(DEPRECATED) Apache Flink Mailing List archive.

Kinesis consumer shard skew - FLINK-8516

Classic

List

Threaded

9 messages Options

Thomas Weise

Kinesis consumer shard skew - FLINK-8516

Hi,

We notice the uneven distribution of shards over subtasks after
re-sharding. We believe that our use case can be addressed by sorting
shards and assigning them to subtasks by index, with caveats.

The main problem will be that the shard-subtask mapping won't be
deterministic, while current hash based solution is (but causes skew).

Possibly the trade-off will be difficult to overcome (for a generalized
solution) without centralizing the shard assignment, which would in turn
require something like side inputs.

Any opinions on this? Would it be acceptable to make changes to the
existing operator that make the shard assignment logic and hashing easier
to customize?

Thanks,
Thomas

Tzu-Li (Gordon) Tai

Re: Kinesis consumer shard skew - FLINK-8516

Hi Thomas,

Yes, you are right that sorting and then assigning shard-subtask mappings would not have deterministic assignment.
Non-deterministic assignments would cause issues when restoring the consumer state.

Regarding centralizing shard assignment: there actually has been ongoing discussion about centralizing shard / partition discovery, which should also be able to resolve this issue.

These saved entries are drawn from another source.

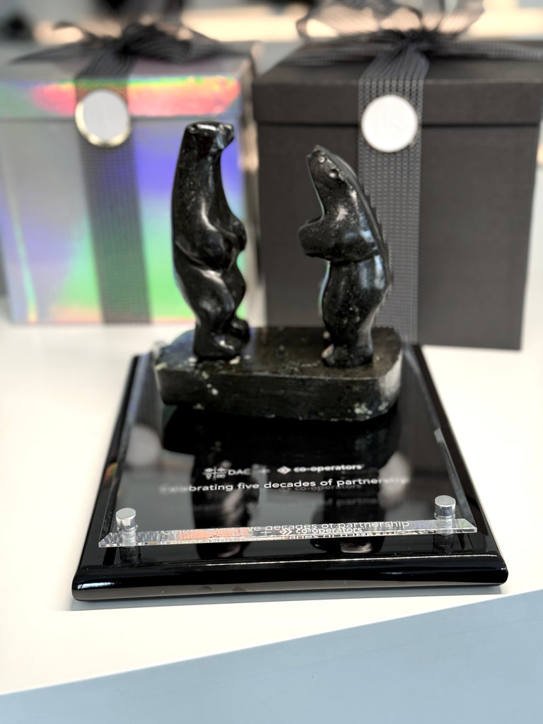 Placing your Inuit carving on a beautiful base, gives it stability, and allows you to immortalize the occasion with an inscription.
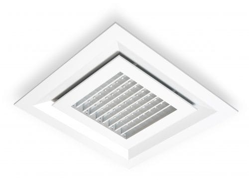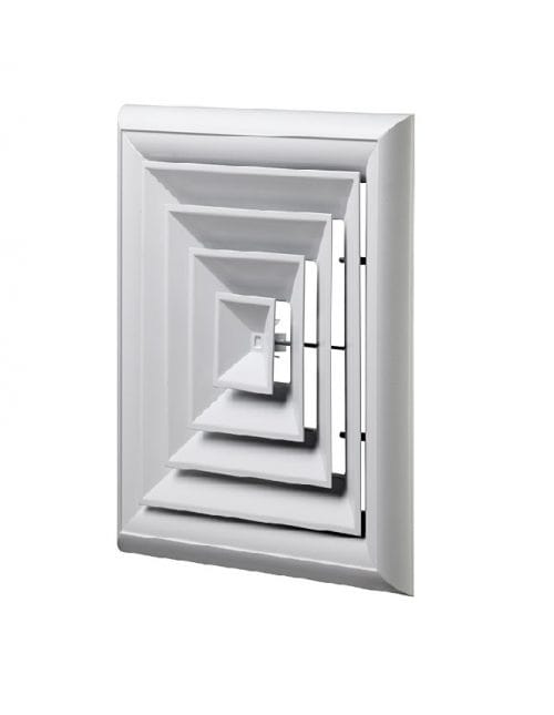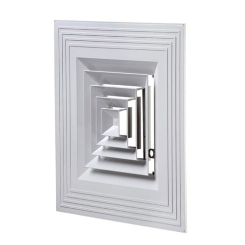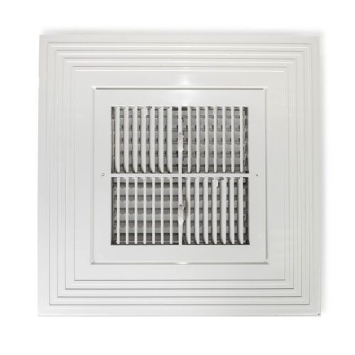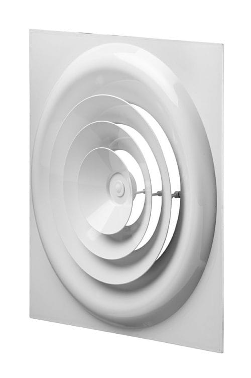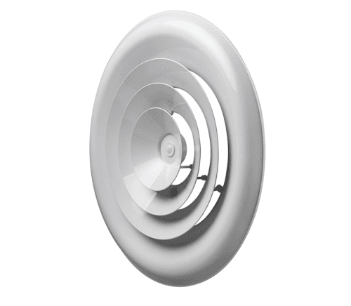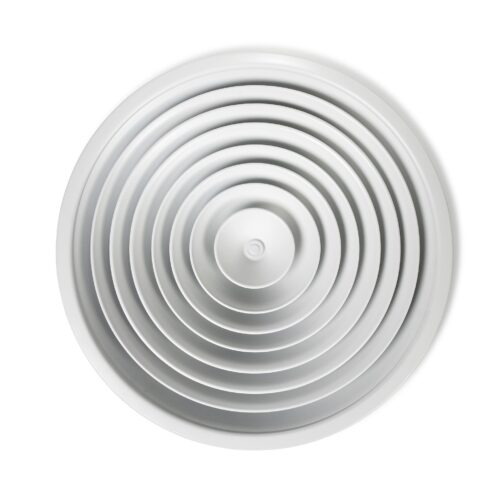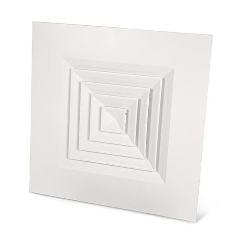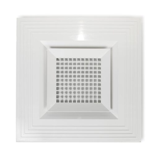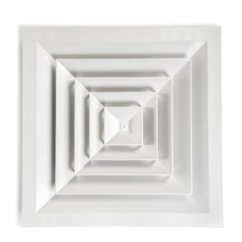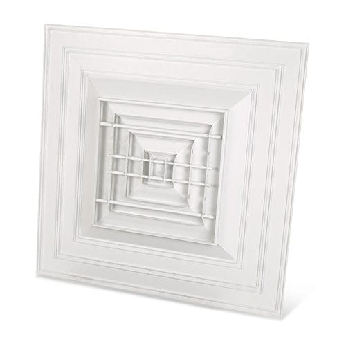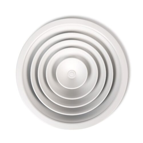 Our ceiling diffusers are made by injection molding from ABS non-toxic plastic suitable for hot or cold air (0 to 65 °C / 30 to 140 °F). The attractive diffuser blends in with any white room decor, prevents condensation, has light weight and is scratch and corrosion resistant.
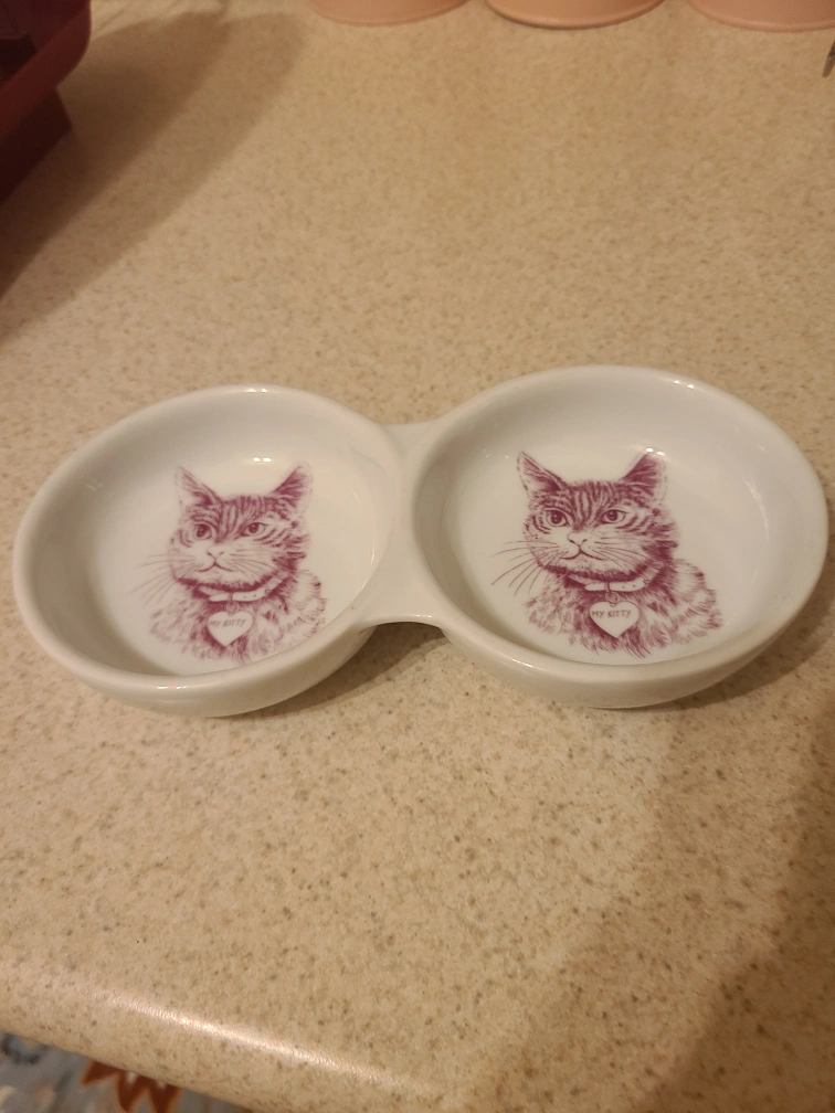 1000+A cute double cat bowl! It's made of white ceramic and features adorable cat illustrations in a purple/red colour. Perfect for feeding your furry friends! Giving away because when one bowl was empty my cats refused to eat out of the other.
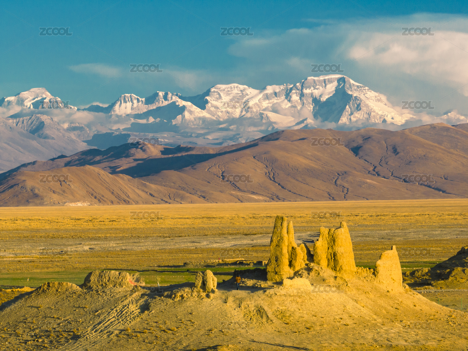 中國(guó)西藏定日雪山群峰古堡遺址
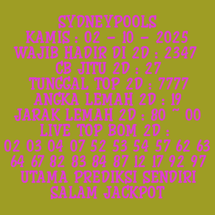Prediksi Sydneypools Minggu, 18-01-2026 Merupakan Prediksi Otomatis yang menggabungkan Metode Kalender Togel Dengan LN Generator yang akurasi prediksinya sudah kita ketahui bersama. Jadi harap Maklum Jika kadang meleset Prediksi Sydneypools kita. Jadikan ini sebagai perbandingan saja dan tetap Utamakan karya sendiri
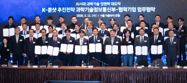 11일 서울 더플라자 호텔에서 열린 ‘K-문샷 협력기업 업무협약식’을 통해 이같은 범국가 프로젝트가 시작을 알렸다. ‘K-문샷 추진전략’은 AI와 과학기술을 융합해 국가 핵심 미션을 해결하고 과학기술 혁신을 가속화하기 위해 마련됐다.
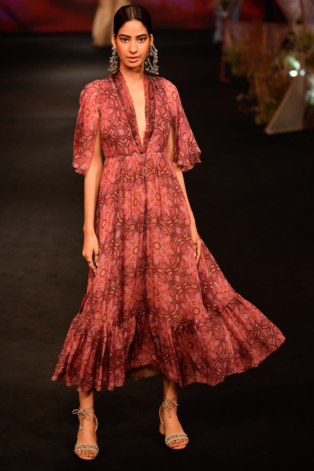 JADE by Monica and Karishma designs a breezy party look with this floral printed gown. Style the look with a pair of bohemian earrings.

For now, a general solution would be to move away from distributing shards over subtasks in a round-robin fashion, but just use simple uniform hashing.
This would avoid serious skew in specific Kinesis rescaling scenarios compared to the current solution, but in cases where Kinesis streams weren’t sharded at all, we would maybe not have a perfect distribution.

Any opinions on this? Would it be acceptable to make changes to the
existing operator that make the shard assignment logic and hashing easier
to customize?

Making the assignment logic pluggable actually sounds like a good overall solution.
The shard state in the FlinkKinesisConsumer is a Union list state, meaning that all consumer subtasks will see all shard states on restore.
This should allow us to have different shard assignment logic when restoring.

Cc’ing also Aljoscha on this topic.

Cheers,
Gordon

On 26 January 2018 at 5:47:05 PM, Thomas Weise ([hidden email]) wrote:

Hi,

We notice the uneven distribution of shards over subtasks after
re-sharding. We believe that our use case can be addressed by sorting
shards and assigning them to subtasks by index, with caveats.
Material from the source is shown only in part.